Ovarian localization
Granulosa, Theca, Luteal cells
Comment
Fujiwara et al. (1992) examined the expression of dipeptidyl peptidase IV (DPP IV) in human granulosa cells, thecal cells of growing, preovulatory, and atretic follicles, as well as corpora lutea. Indirect immunofluorescence staining of ovarian tissues with specific monoclonal antibodies revealed that DPP IV was present in large and small luteal cells in corpora lutea. DPP IV peptidase activity was also detected histochemically in corpora lutea.
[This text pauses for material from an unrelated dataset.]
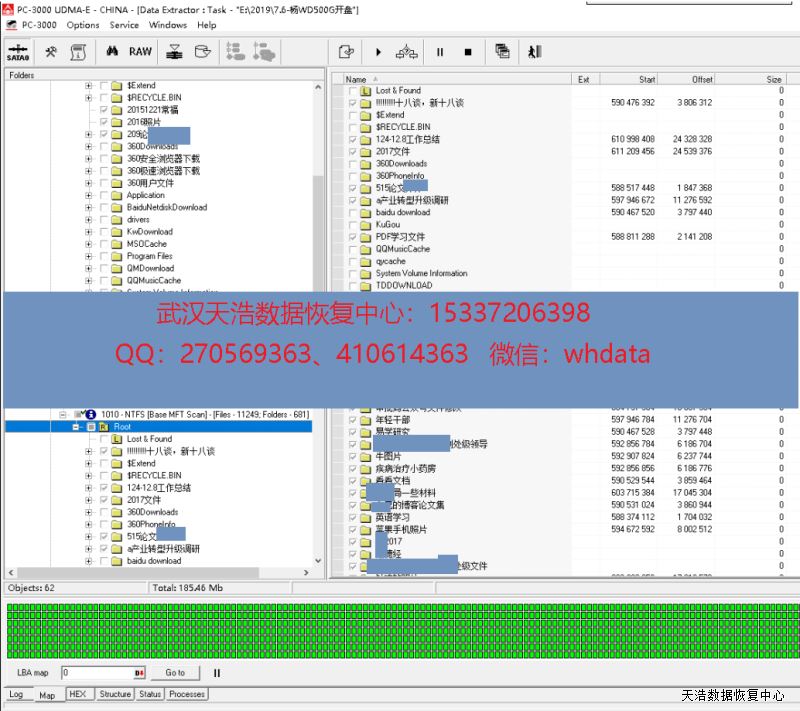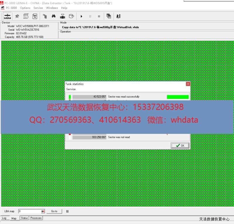 解决方案:收到硬盘后,我们在无尘环境更换兼容的磁头,再接到专业数据恢复工具PC3000 UDMA-E上,通电硬盘正常认盘,DE全盘镜像,成功恢复客户硬盘内几乎全部数据。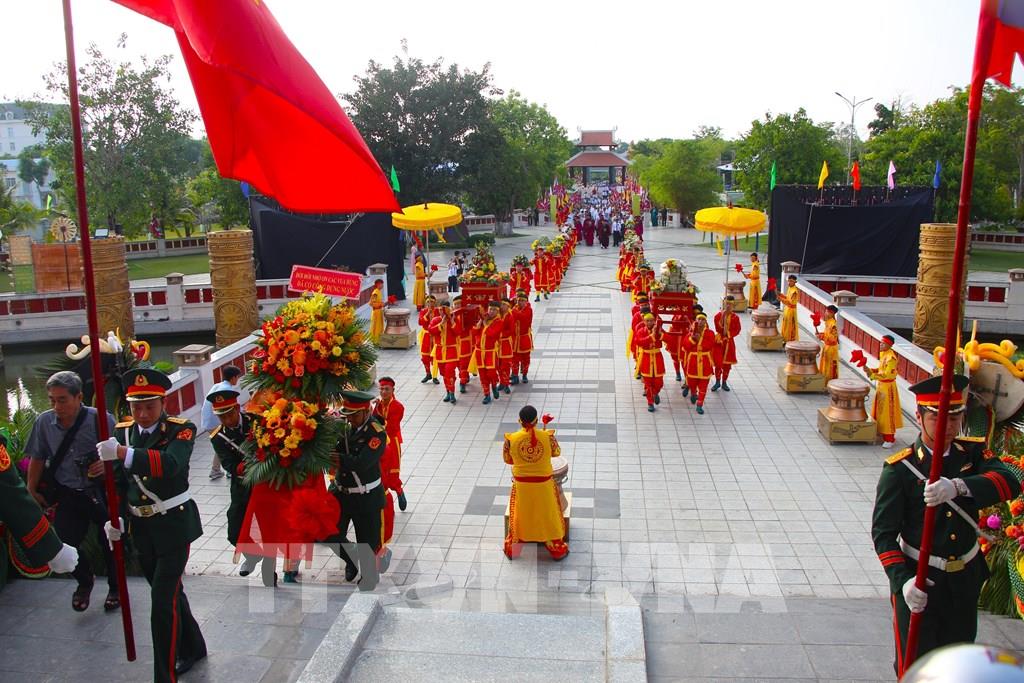 Đoàn dâng lễ phẩm tiến vào sân lễ. Ảnh: Nguyễn Hằng - TTXVN

In growing, preovulatory, and atretic follicles, there was weak immunoreactivity and DPP IV peptidase activity on luteinized theca interna cells, but not on granulosa cells.
Follicle stages
Antral, Preovulatory, Corpus luteum
Comment
Fujiwara et al. (1993) raised a monoclonal antibody (OG-1) specifically reactive to human ovarian granulosa cells.
Indirect immunofluorescence staining of freshly isolated granulosa cells from preovulatory follicles showed the OG-1 antigen on the cell surface of granulosa cells. The antigen was purified from granulosa cells by immunoaffinity chromatography.